First-quarter sales at Sanofi Pasteur MSD (not consolidated by sanofi-aventis), the joint-venture with Merck & Co in Europe, were down 8.7% on a reported basis at euro 254 million. Gardasil(R), the first vaccine licensed in Europe against papillomavirus infection (a major cause of cervical cancer), were 25.6% lower at euro 121 million, with the extensive catch-up vaccination campaigns when the product was first launched creating a high comparative base. Excluding Gardasil(R), the rest of the portfolio achieved growth of 14.9%, driven by pediatric combination vaccines in the United Kingdom. In February, the European Commission granted marketing authorization for Intanza(R), the first influenza vaccine to be administered using a novel intradermal microinjection system. The benefits of this vaccine, in particular its convenience and ease of administration, should help improve vaccination coverage in Europe.
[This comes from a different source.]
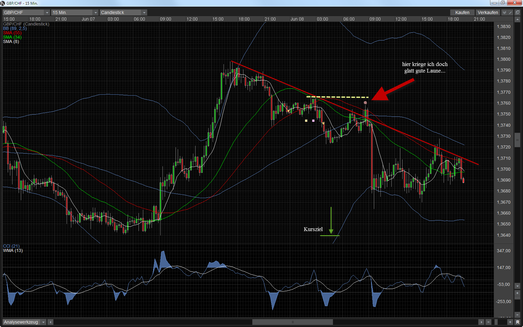 Wäre der Stopp hinter der gelben Linie gelegen, wäre der Markt sicherlich auch noch dahin gekrochen (Anfängergejammer). Und auf dem Mond will ich auch keine Stopps setzen.
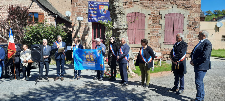 Le drapeau "La Moselle Déracinée" a été mis en place sur le mur de la mairie de Nauviale visible depuis la place principale dite du Courail afin de faire part au plus grand nombre de cet évènement reliant Nauviale et l'Aveyron à Fleury et la Moselle.

Net sales by geographic region

    euro  million                                          Change at
                                              Q1 2009       exchange
                                            net sales          rates
    Europe                                      2,948          -0.9%
      of which Eastern Europe                     360         +15.8%
    United States                               2,295          -5.1%
    Other Countries                             1,864          +7.6%
      of which Japan                              510         +13.8%
      of which Asia-Pacific                       505         +12.8%
      of which Latin America                      389          +5.7%
    TOTAL                                       7,107          -0.2%

Net sales in Europe were stable on a constant structure basis and at constant exchange rates despite competition from generics of Eloxatin(R). Eastern Europe is still the main growth driver, with net sales up 15.8%.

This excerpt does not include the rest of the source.